__Recorded information__:
>>>>>
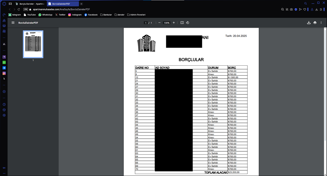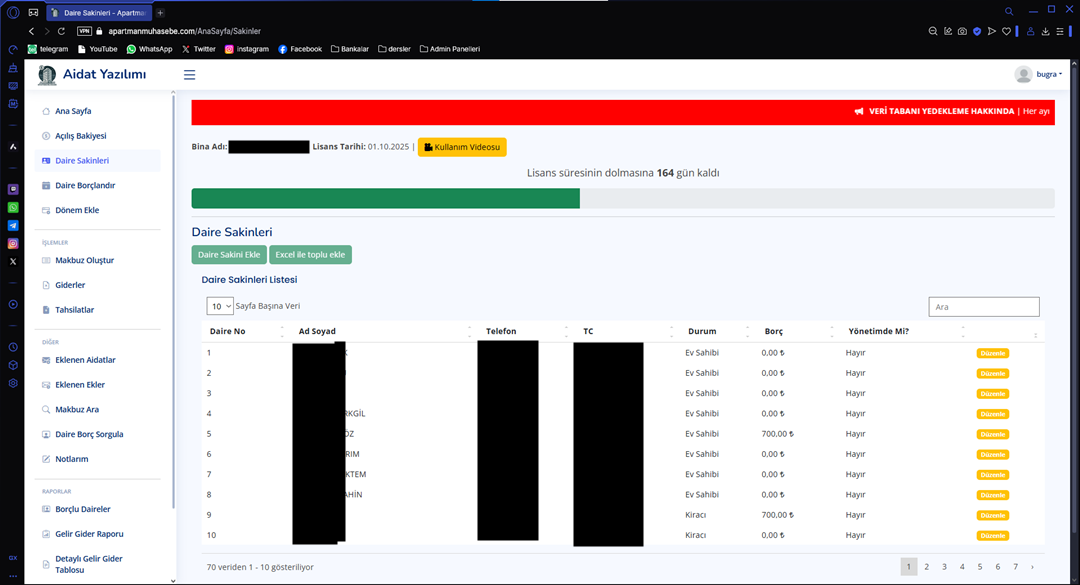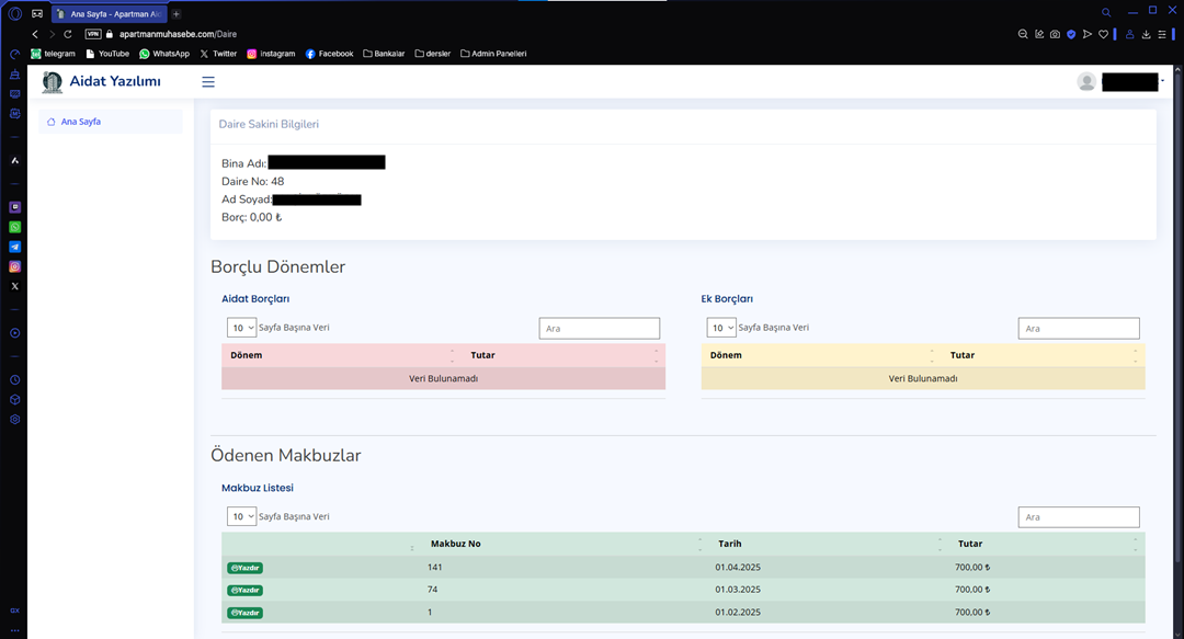APARTMAN AİDAT TAKİP PROGRAMI WEB
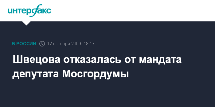 Москва. 12 октября. INTERFAX.RU - Первый заместитель мэра в правительстве столицы Людмила Швецова отказывается от мандата депутата Мосгордумы пятого созыва.
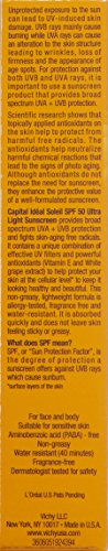 Fragrance-free. Non-greasy and fast absorbing. Does not leave skin feeling sticky. No whitening residue. Water resistant sun screen (40 minutes). Aminobenzoic acid (PABA)-free. Dermatologist tested for safety. Suitable for sensitive skin. Tested under dermatological control. Shake well before use. Apply to face 15 minutes before sun exposure and smooth on gently until product is thoroughly absorbed. Reapply sunscreen after 40 minutes of swimming or sweating. A least every 2 hours immediately after towel drying. Children under 6 months of age: ask doctor. Spending time in the sun increases your risk of skin cancer and early skin aging. To decrease this risk, regularly use a sunscreen with a Broad Spectrum SPF value of 15 or higher and other sun protection measures including:
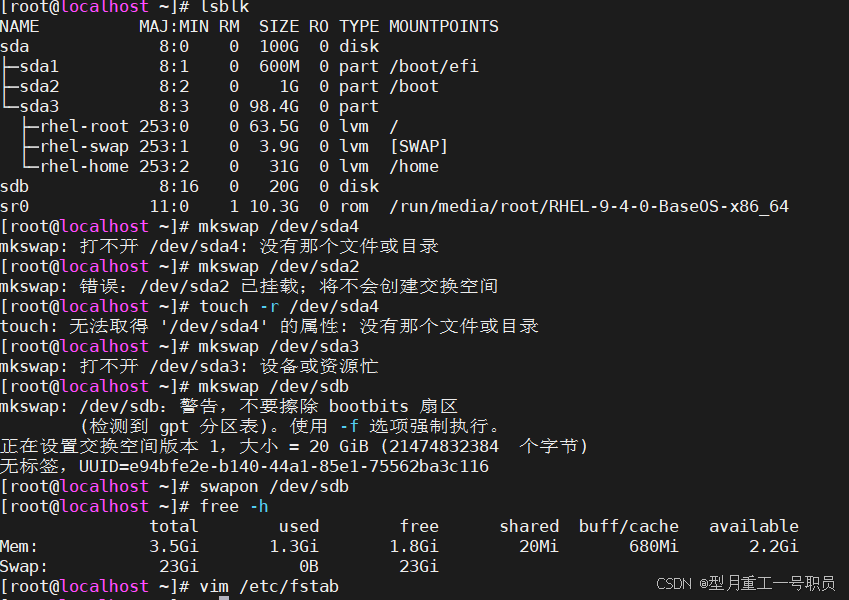 添加过程:新建分区->格式化该分区->启用新的swap->查看系统信息->挂载
<<<<<
__What you will do__: Could you give the material above again, exactly and without its pictures?

__Result of the exercise__:
APARTMAN AİDAT TAKİP PROGRAMI WEB
 Москва. 12 октября. INTERFAX.RU - Первый заместитель мэра в правительстве столицы Людмила Швецова отказывается от мандата депутата Мосгордумы пятого созыва.
 Fragrance-free. Non-greasy and fast absorbing. Does not leave skin feeling sticky. No whitening residue. Water resistant sun screen (40 minutes). Aminobenzoic acid (PABA)-free. Dermatologist tested for safety. Suitable for sensitive skin. Tested under dermatological control. Shake well before use. Apply to face 15 minutes before sun exposure and smooth on gently until product is thoroughly absorbed. Reapply sunscreen after 40 minutes of swimming or sweating. A least every 2 hours immediately after towel drying. Children under 6 months of age: ask doctor. Spending time in the sun increases your risk of skin cancer and early skin aging. To decrease this risk, regularly use a sunscreen with a Broad Spectrum SPF value of 15 or higher and other sun protection measures including:
 添加过程:新建分区->格式化该分区->启用新的swap->查看系统信息->挂载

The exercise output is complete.